Es ist nicht ganz leicht, den Straßenkindern zu helfen, denn oftmals grenzen sie sich stark ab und sind es nicht mehr gewohnt, Regeln zu befolgen. Sie bleiben dann lieber unter sich. Inzwischen gibt es trotzdem viele Organisationen, die sich zur Aufgabe gemacht haben, den Kindern und Jugendlichen eine neue Perspektive zu bieten (z.B. Pater-Berno-Stiftung, IT, Kinderhilfe Rumänien etc.). Dort gibt es die Möglichkeit einer warmen Mahlzeit, einer Dusche, einer Art Unterricht, von Spielen und des Nachtasyls. Die Kinder kommen meist jedoch nur, wenn sie es z.B. wegen großer Kälte nicht mehr anders aushalten. Es gibt jedoch auch Ausnahmen – manche Kinder, die auf der Straße aufgewachsen sind, schaffen es z.B. auf der Schule „Die zweite Chance“, ihren Abschluss nachzuholen oder länger in einem Hilfszentrum zu bleiben – somit besteht eine Möglichkeit, ihr Leben langfristig tatsächlich zu verändern.

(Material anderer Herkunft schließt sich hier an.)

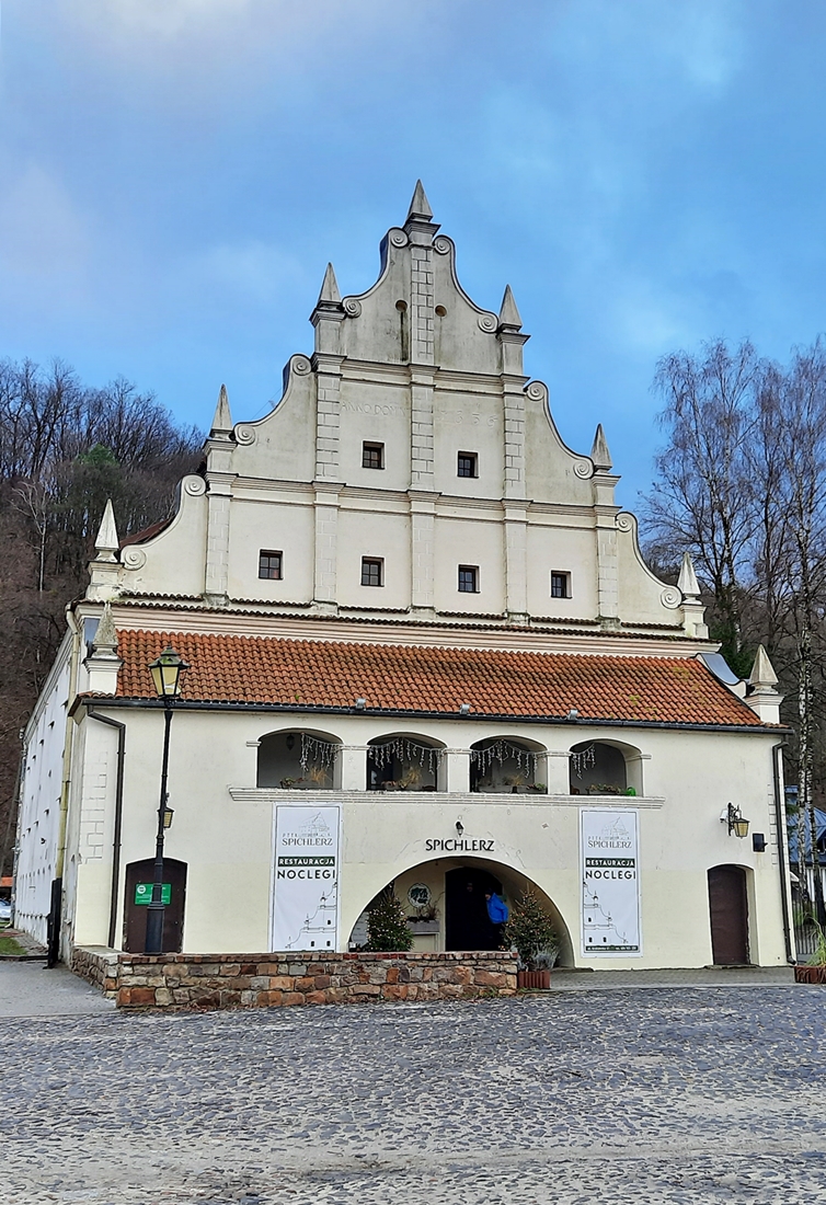 Spichlerz ze zdjęcia jest jednym z najmłodszych – pochodzi z 1633 roku. Został wzniesiony w stylu renesansu lubelskiego, a budulcem jest wapień, jak na Kazimierz przystało. Po II wojnie światowej spichlerz został zaadaptowany na Dom Wypoczynkowy PTTK i przez wiele lat właśnie tu zatrzymywało się najwięcej turystów.

Die Situation der Straßenkinder in Timişoara heutzutage
Aus dem Interview mit Frau Edith Kirchmann (Kinderhilfe Rumänien e.V.)
Auch die Stadt Timişoara versuchte auf die problematische Situation zu reagieren, indem beispielsweise Gullideckel verschlossen wurden, sodass die Jugendlichen nicht mehr in die Kanalisation absteigen können. Trotzdem fanden sich immer wieder Wege, diese bauliche Veränderung zu umgehen – ebenso wie das Gesetz, dass die Straßendroge Aro-Lac nur an Kunden mit Ausweis verkauft werden darf. Die Öffentlichkeit reagiert meistens abweisend und diskriminierend auf die Straßenkinder, was alleine schon an ihrem umgangssprachlichen Namen „Rattenkinder“ gut erkennbar ist. Auch Misshandlungen seitens der Polizei gegenüber den Kindern waren keine Seltenheit, vermehrte Warnungen aus der EU führten hier jedoch zu einer Verbesserung. Inzwischen leben auf den Straßen in Timişoara keine Kinder mehr. Es ist verboten, sodass sie von der Polizei in verschiedene Kinderheime und andere Einrichtungen gebracht wurden. Zudem gibt es inzwischen auch mehrere Bücher, Stücke und Filme, die versuchen, auf das Thema aufmerksam zu machen, wie beispielsweise „Wenn ich weine, schlägt mein Herz“ (Anne Schütze, 2008) oder „Die Stelzen“ (Francisca Ricinski, 2003).